Para peneliti menentukan bahwa, untuk kera dengan lebih banyak pasangan perawatan, sulkus temporal tengah-superior (STS) dan insula ventral-disgranular tumbuh lebih besar.

Mereka tidak menemukan hubungan seperti itu antara struktur otak dan variabel lain seperti status sosial dalam kelompok, itu hanya karena jumlah pasangan.

“Untuk pertama kalinya, kami dapat menghubungkan kompleksitas kehidupan sosial sekelompok primata hidup dengan struktur otak,” kata Camille Testard, penulis utama makalah tersebut.

Penelitian sebelumnya tentang jejaring sosial manusia telah mengisyaratkan hubungan ini, menurut Michael Platt, rekan penulis studi, dan kepala lab yang menjalankan tes.

“Literatur, misalnya, mengaitkan variasi ukuran amigdala dengan jumlah teman Facebook yang Anda miliki. Tetapi sulit untuk mendapatkan data terperinci tentang interaksi sosial manusia karena kami tidak dapat mengikuti orang-orang sepanjang hari,” katanya.

Namun, dengan kera rhesus yang tinggal di Cayo Santiago, sebuah pulau di lepas pantai Puerto Rico, ceritanya berbeda.

A team of researchers from the University of Pennsylvania in Philadelphia, studied the brains, and social interactions of a group of rhesus macaques living on Cayo Santiago, an island off the coast of Puerto Rico. Stock image
Sebuah tim peneliti dari University of Pennsylvania di Philadelphia, mempelajari otak, dan interaksi sosial dari sekelompok kera rhesus yang hidup di Cayo Santiago, sebuah pulau di lepas pantai Puerto Rico.

Platt dan rekan-rekannya telah mempelajari kelompok primata non-manusia ini selama lebih dari satu dekade, dengan fokus pada pasangan perawatan.

Ini adalah faktor penting, karena mewakili hubungan langsung dan penting bagi kera, Platt menjelaskan. Mereka juga melihat jaringan sosial hewan yang lebih luas, yang mewakili individu yang berinteraksi dengan mereka secara tidak langsung.

Setelah Badai Maria menghantam pulau itu, misalnya, para peneliti memeriksa apakah kera-kera itu menumbuhkan atau mengecilkan jejaring sosial mereka dalam menghadapi sumber daya yang terbatas.

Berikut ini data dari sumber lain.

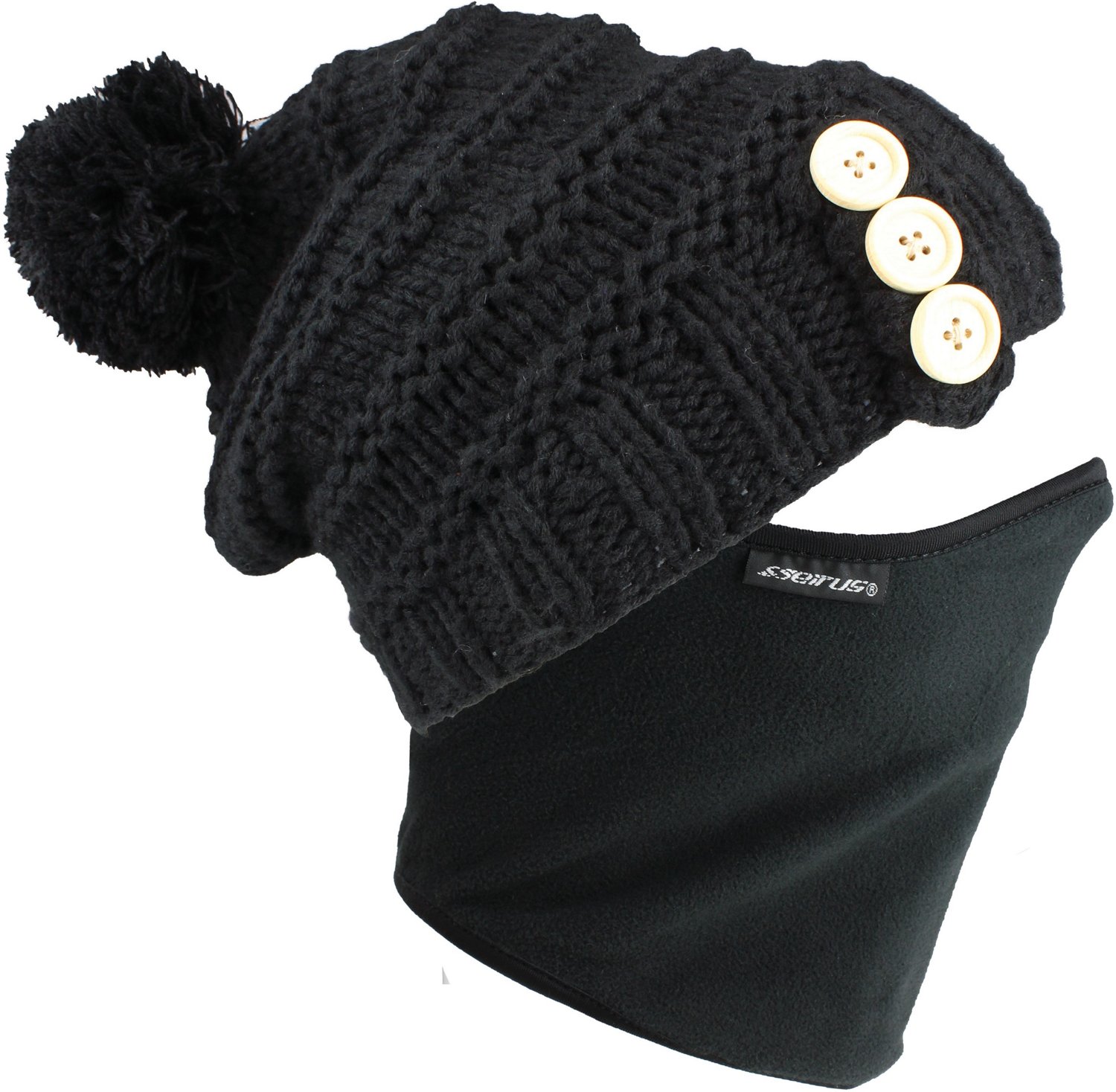 Whether around town or on the slopes, stay warm with a Seirus Quick Clava Solace Hat. Plush acrylic yarn and a fleece lining deliver a soft feel, while the balaclava wrap offers added protection around your face. Decorative buttons and a pom pom elevate your look.

Testard, yang bergabung dengan lab pada tahun 2018, memimpin analisis untuk penelitian tersebut, yang menemukan bahwa hewan menjadi lebih sosial dan lebih menerima satu sama lain, membentuk hubungan baru selain yang sudah mereka miliki.

Berdasarkan itu dan pada pekerjaan sebelumnya dari kolaborator Jérôme Sallet dari Inserm, Testard juga merancang studi saat ini.

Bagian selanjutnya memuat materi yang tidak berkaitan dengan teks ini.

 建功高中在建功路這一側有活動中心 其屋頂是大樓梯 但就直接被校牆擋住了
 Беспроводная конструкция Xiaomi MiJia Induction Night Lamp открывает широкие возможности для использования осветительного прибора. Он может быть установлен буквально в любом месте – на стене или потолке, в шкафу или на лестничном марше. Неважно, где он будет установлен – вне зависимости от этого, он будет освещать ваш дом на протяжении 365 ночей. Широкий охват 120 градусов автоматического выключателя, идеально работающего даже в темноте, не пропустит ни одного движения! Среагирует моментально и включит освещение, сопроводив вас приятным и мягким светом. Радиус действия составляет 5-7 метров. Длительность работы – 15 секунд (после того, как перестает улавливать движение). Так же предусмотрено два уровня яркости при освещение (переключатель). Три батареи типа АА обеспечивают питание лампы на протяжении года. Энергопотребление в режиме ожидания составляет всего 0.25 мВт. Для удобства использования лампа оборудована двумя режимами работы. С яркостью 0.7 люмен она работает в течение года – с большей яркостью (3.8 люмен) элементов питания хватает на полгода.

Tim merekam interaksi rinci dari kelompok sosial 68 kera rhesus dewasa di Cayo Santiago, kemudian memeriksa lima faktor kehidupan mereka.

Ini termasuk status sosial, jumlah pasangan perawatan, jarak fisik dengan monyet lain, keterhubungan dengan monyet populer di jaringan, dan apa yang oleh para peneliti disebut ‘antara’, atau kemampuan untuk bertindak sebagai jembatan antara bagian-bagian yang terputus dari jaringan sosial.

Mereka juga mengumpulkan scan otak untuk setiap individu dalam kelompok sosial, termasuk 35 kera remaja dan bayi.

Dengan menganalisis data orang dewasa, Testard dan rekannya menemukan bahwa semakin banyak pasangan perawatan yang dimiliki seseorang, semakin besar insula mid-STS dan ventral-dysgranular mereka.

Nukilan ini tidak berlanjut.